Prometheus & SCRAPERS
相比于Telegraf,Prometheus 是一个更强大的监控工具,它支持多种数据源,包括 InfluxDB。因此Influxdb也相应的支持Prometheus的数据源格式,并且可以通过创建SCRAPERS任务,将Prometheus的数据源配置到InfluxDB中。但是要注意的时,想比于telegraf的推送模型,Prometheus是拉取模型,因此需要安装对应的插件暴露对应的接口,通过influxdb的scrapers任务进行拉取。

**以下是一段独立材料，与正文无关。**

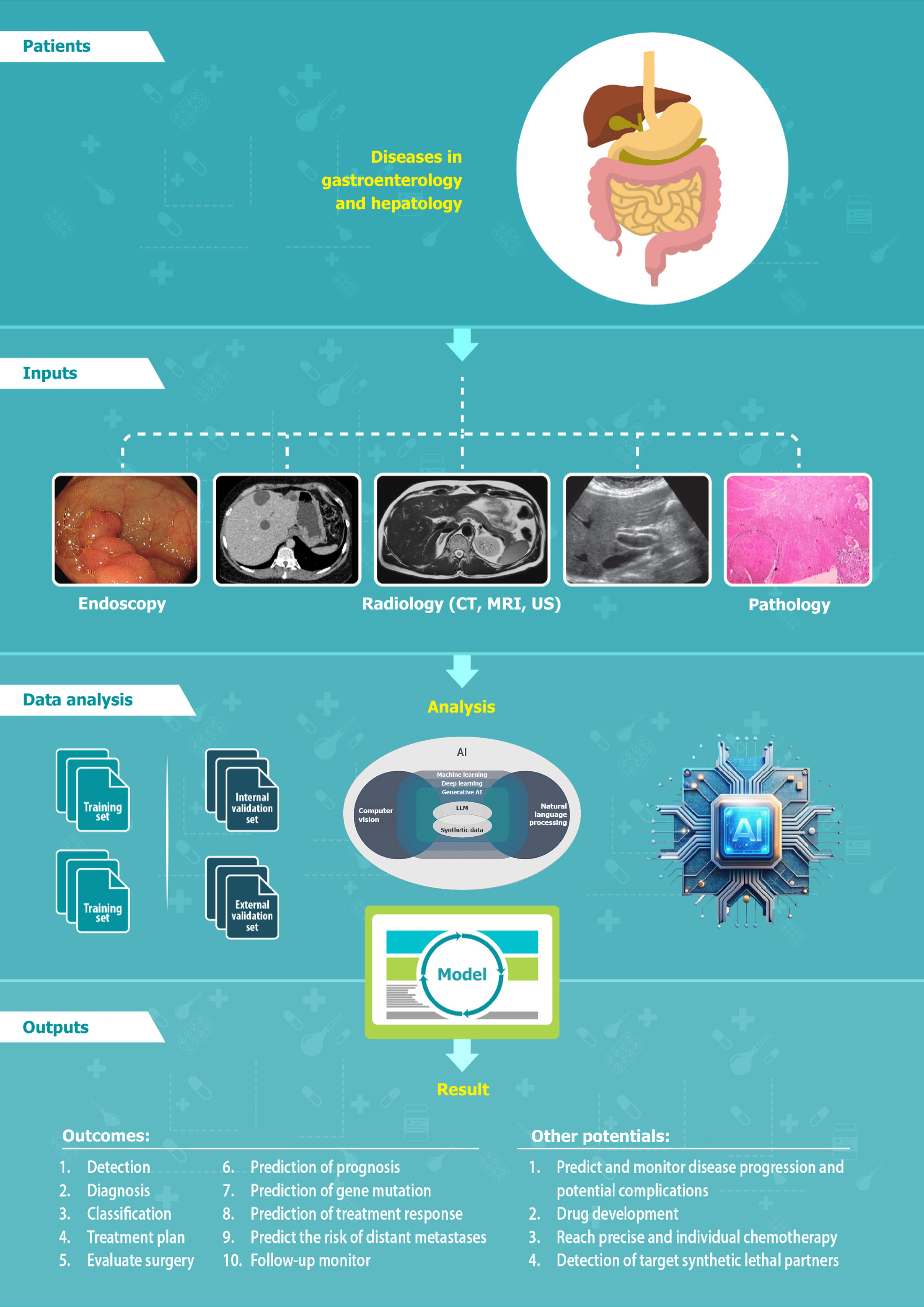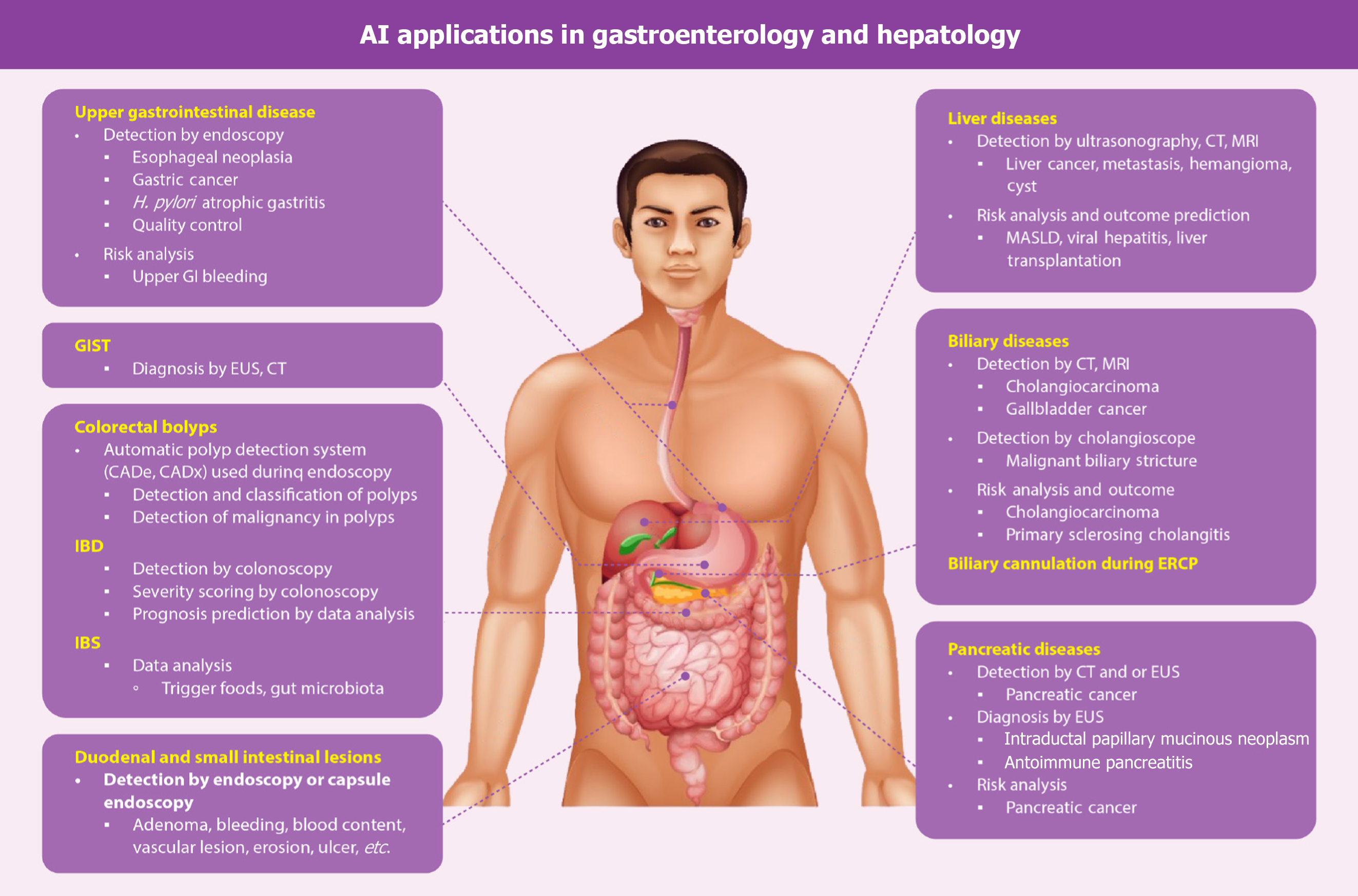 Artificial intelligence (AI) has drastically revolutionized the healthcare system, including the clinical diagnosis and treatment, resulting in the subsequent increase in the quality of life[1]. This has emerged as a transformative tool in the diagnosis and management of gastrointestinal (GI) and liver diseases. In one systematic review it was shown that among several published randomized controlled trials of AI-assisted tools in clinical practice, more studies were done in the field of gastroenterology (30 out of 39), and it was demonstrated that the performance of AI-assisted tools surpassed that of usual clinical care[2]. AI has been used in several GI diseases such as esophageal neoplasia, gastric cancer, Helicobacter pylori (H. pylori) infection, gastritis, GI stromal tumors (GISTs), colorectal polyps, inflammatory bowel disease (IBD), irritable bowel syndrome (IBS), GI bleeding, and pancreatobiliary diseases. The potential applications of AI in liver diseases encompass a variety of conditions such as liver masses, metabolic dysfunction-associated steatotic liver disease (MASLD), viral hepatitis, cirrhosis, and liver transplantation (LT). The applications of AI in gastroenterology and hepatology are shown in the Figure 1. This review discussed the common terminologies and the current status of AI in gastroenterology and hepatology, exploring its applications and ethical issues.

其中主要关注URL,这个是需要我们自己暴露出来的接口(github有大量的开源项目,各种系统的性能指标都能找到对应的项目可以直接使用),保证这个接口满足Prometheus的数据格式,这样数据库中得到的数据就可以直接使用。此处不再重复演示。
influxdb数据模型
foodships,park_id=1,plant=Earth #_foodships=0 timestamp
foodships,park_id=1,plant=Earth #_foodships=2 timestamp
foodships,park_id=1,plant=Earth #_foodships=3 timestamp
foodships,park_id=2,plant=Earth #_foodships=0 timestamp
foodships,park_id=2,plant=Earth #_foodships=2 timestamp
foodships,park_id=2,plant=Earth #_foodships=3 timestamp
上述的数据在influxdb中展示的形式为:
name: foodships
tags: park_id=1,plant=Earth
time #_foodships
---------------------------------
2022-07-05T08:00:00Z 0
2022-07-05T08:00:00Z 2
2022-07-05T08:00:00Z 3
name: foodships
tags: park_id=2,plant=Earth
time #_foodships
---------------------------------
2022-07-05T08:00:00Z 0
2022-07-05T08:00:00Z 2
2022-07-05T08:00:00Z 3
通过这种形式的数据组织方式,通过measurements(度量)和tags(标签)的组合,可以方便的查询到对应的批量数据。同时也减少了数据的冗余,方便了数据的查询。在进行数据查询时,一般按照以下的操作方式:
- 指定从哪个存储桶中查询数据(Bucket)
- 指定数据的时间范围
- 指定measurements,tag_set,field指定查询的具体序列
从实现的形式上来看,其实measurements,tag,field都是倒排索引,通过数据查询id,然后通过id查询到具体的数据。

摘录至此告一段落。